Türkiye’yi dinliyorum gözlerim kapalı!
Ta uzaklardan bir tren sesi, ardından bir korna…
Ve bir vapur yanaşıyor iskeleye, adeta bir barajın önü açılır gibi
İnsan seli boşalıyor.
Tarihin derinliklerinde kılıç şakırtıları…
İlayı kelimetullah uğruna giden akıncılar bir daha yurda dönmüyor…
Osmanlıdan arta kalan bir parça ve bu parçaya maya çalan Bediüzzaman'ı görüyorum.
Derken iğnenin deliğinden geçirilen bir neslin uyuşukluğuna bulaşıyorum...
Ve gece yarısı Türkiye radyolarında iliklerimizi donduran bir anons: “Türk Silahlı kuvvetleri ülke idaresine el koydu.”
Yarın sokağa çıkma yasağı var.
Türkiye’yi dinliyorum gözlerim kapalı.
*                                            *                     *
Ruhumda bir med- ceziri yaşıyorum.
Kürt açılımı mı yoksa demokrasi açılımı mı?
Yıllar yılı Nobel edebiyat ödülüne namzet oluyorum.
Danimarka'ya boykot düzenlerken Fransa’yı da ekliyorum.
Adeta bütün dünyaya düşman kesiliyorum.
Zorlu bir yıla hazırlanırken, Suriye ile vize anlaşmasına irkiliyorum.
Yok, yok şaşırıyorum.
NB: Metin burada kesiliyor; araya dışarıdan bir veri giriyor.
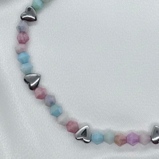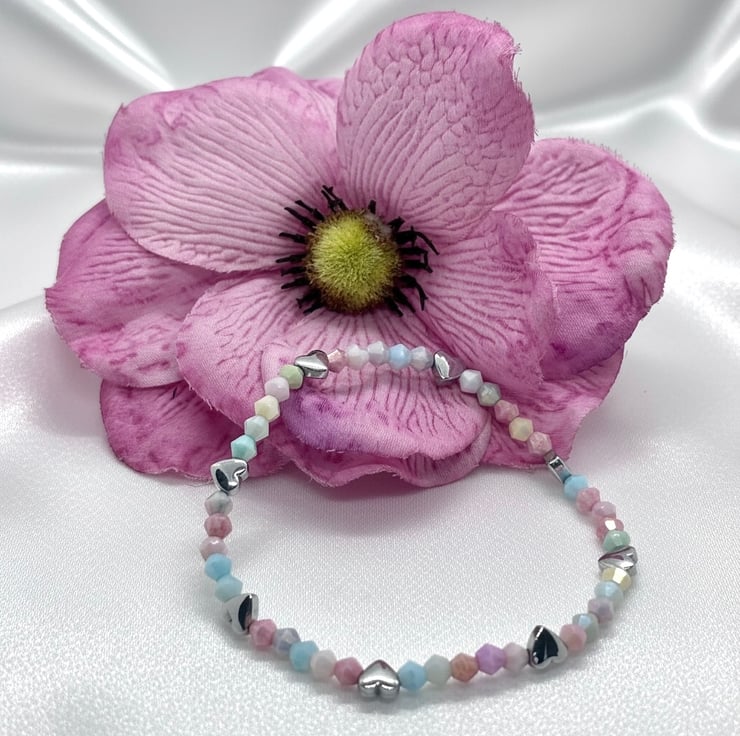 This pretty dainty bracelet has been handmade using 4mm glass crystal beads in delicate pastel shades, elasticated for comfort, it is embellished with little Silver Hematite hearts, perfect for stacking or worn alone, it will be gift wrapped for posting, please choose correct size from drop down.

Belki de hala inanmıyorum.
"PKK militanları dağdan iniyor" sedasına "dut yemiş bülbül" kesiliyorum.
Bir mayın patlıyor dağların eteklerinde… Ta uzaklarda vaveylalar kopuyor.
Bir “Ceylan” vuruluyor. Bir ana son kez ağlıyor.
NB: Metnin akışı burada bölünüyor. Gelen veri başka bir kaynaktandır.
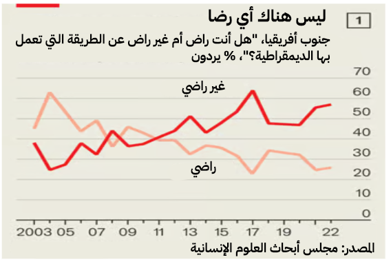 قبل عقدين من الزمن كان عدد سكان جنوب إفريقيا الراضين عن الديمقراطية أكثر من ضعف عدد غير الراضين عنها، أما اليوم فقد انقلبت الموازين (انظر الرسم البياني 1). قال ما لا يقل عن 79 بالمئة من المشاركين في الاستطلاع إن القادة السياسيين لا يمكن الوثوق بهم، مقارنةً بـ 21 بالمئة قبل عقد من الزمان فقط. ومنذ سنة 2010 تقريبًا، قال عدد أقل من مواطني جنوب إفريقيا إنهم يعتقدون أن العلاقات العرقية أفضل الآن مما كانت عليه في سنة 1994 (انظر الرسم البياني 2).

Ve bir başbakan meclise sesleniyor: “Sizin hiç çocuğunuz öldürüldü mü?”
İçim ürperiyor gözlerimdeki yaşı gizliyorum.
Gözlerim kapalı Türkiye’yi dinliyorum.
*                                       *                           *
Medeniyetleri toplumsal gelişmeler meydana getirir.
Bireysel erdemlilikler topluma yansıdığı ölçüde de medeniyetler kaim olur.
Anadolu tarihe “analık” ettiği sürece insanlık topyekûn kerametlere nail olabilir.
Yoksa Bediüzzaman; “Mekke’de de olsaydım yine Türkiye’ye gelirdim” demezdi.
Yıkılmışlıklar içindi bir medeniyetin yeniden kuruluşuna şahit oluyorum adeta.
Türkiye’yi dinliyorum ki Dersim'de buluyorum kendimi.
Onur Öymen’e belli belirsiz protestolar canlanıyor.
Diyarbakır hapishanesi kabir azabına eşdeğer bir işkence yumağı olduğu söyleniyor.
“Bu kalp seni unutur mu?” şarkısı kulaklarımızda çınlanıyor.
Her ihtilal Atatürk ilkelerine ihanetten yapılırken “ATA-PUT” başlıklı yazılar yazlıyor gazetelerde (Taraf-Murat Belge,13.11.2009).
Ve domuz gribinden ölenlerin sayısı yüze çıkıyor.
Türkiye’yi gözüm kapalı dinlerken yine sahneye Demirel çıkıyor.
Deniz Baykal’la yan yana poz veriyor ve ekliyor:
''Bir ülkede herkes devlet düşmanı olabilir mi, bir ülkede herkes rejim düşmanı olur mu, bir ülkenin savcısı devlet düşmanı olur mu, Yargıtay'ı devlet düşmanı olur mu, bir ülkenin kurumları o rejimin düşmanı olur mu?”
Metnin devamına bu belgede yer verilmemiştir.